And if you're a fashion blogger, god help you if you don't fit these unattainable ideals. Victoria at VIPXO recently wrote a post about all the hate she's received as a result. Why do we feel the overwhelming need to impart our opinions on other people's bodies? Especially if they're ~shock horror~ happy with their body.

And if you think that Supersize vs Superskinny is doing some good by highlighting the dangers of eating disorders you'd be wrong. In fact many of the terms they use are still founded in old misconceptions. The narrator even stated that those suffering from an eating disorder could be 'snapped out of this behaviour' like it was something that could be fixed with one click of the fingers. The way they present such things is also potentially triggering to those who are already fighting an eating disorder, by completely ignoring media guidelines set out by the eating disorder charity Beat. The guidelines state that listing specific weights is unhelpful, listing amounts eaten may act as an encouragement to binge and purge, and showing images of emaciated bodies and body parts are also triggering. Check, check, check. Oh dear...

Whilst I do agree that some people who are overweight may suffer from weight-related illnesses, I do not believe that just by looking at someone you can tell how healthy they are. If it's not your body it's not your business.

If it's just a case of eating less and exercising more then why doesn't this work? The answer is it's just not as simple as that. Whilst some people may need to make some lifestyle changes I do not believe that body shaming is the way to go about this, what we need is body acceptance. And these shows are just not helping.

What are your opinions on such shows? Do you think that they are actually beneficial to those watching?

2 comments:

  1. Without looking far, T.V. could find itself something worthwhile to broadcast, sure. It's just more satisfying for it to pick at scabs that produce schadenfreude because those sorts of shows generate the most ratings – especially in a society that loves to ruminate. There is no way that these shows could be considered 'Useful' beyond the point where they state that obesity is linked to health problems.

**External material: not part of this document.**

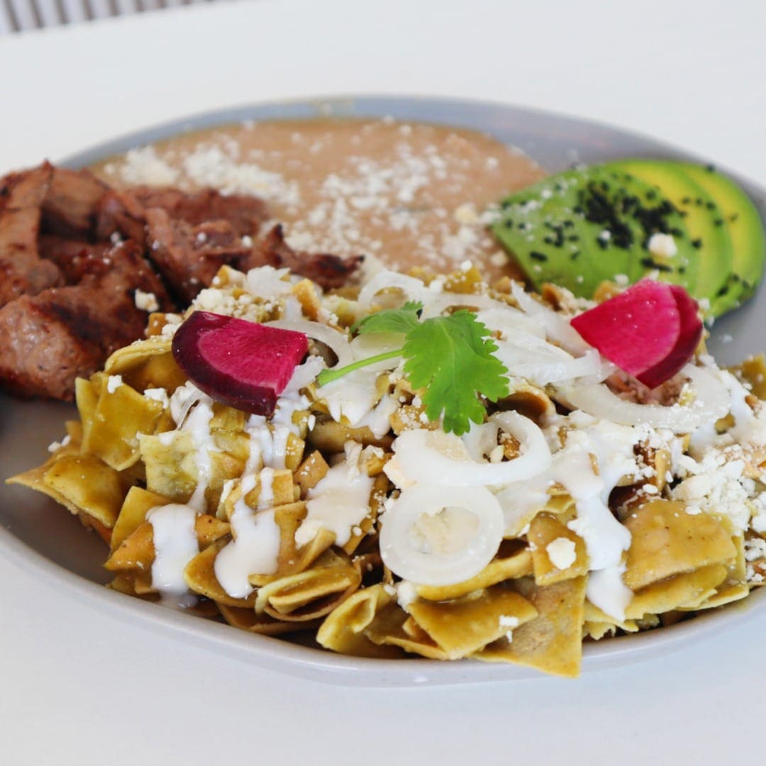 Con crema y queso veganos, acompañados de frijoles y aguacate
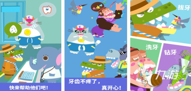 寶寶小牙醫(yī)游戲中,帶孩子走進(jìn)牙科診所體驗(yàn)牙醫(yī)工作,游戲中,可愛小動(dòng)物們牙齒出現(xiàn)問題前來就診,小朋友先使用專業(yè)工具,仔細(xì)檢查牙齒找出齲齒、牙結(jié)石,針對(duì)齲齒用牙鉆去除腐壞部分,再填充材料,清理牙結(jié)石則需借助洗牙器,治療結(jié)束后教導(dǎo)小動(dòng)物正確刷牙方法。

    I file such shows in with Jeremy Kyle, The News etc. But I think channel 4 have long been guilty of producing things that fill the schadenfreude quota, and also inspire blog posts such as yours to fill the "Reasoned Debate" quota. They watch the ratings roll in as debate is sparked, manage to sit on the fence purely because they've inspired debate and are therefore "serving a purpose." They win either way. They exist in the same kind of moral vacuum as lawyers who defend people they know to be guilty of violent crime do.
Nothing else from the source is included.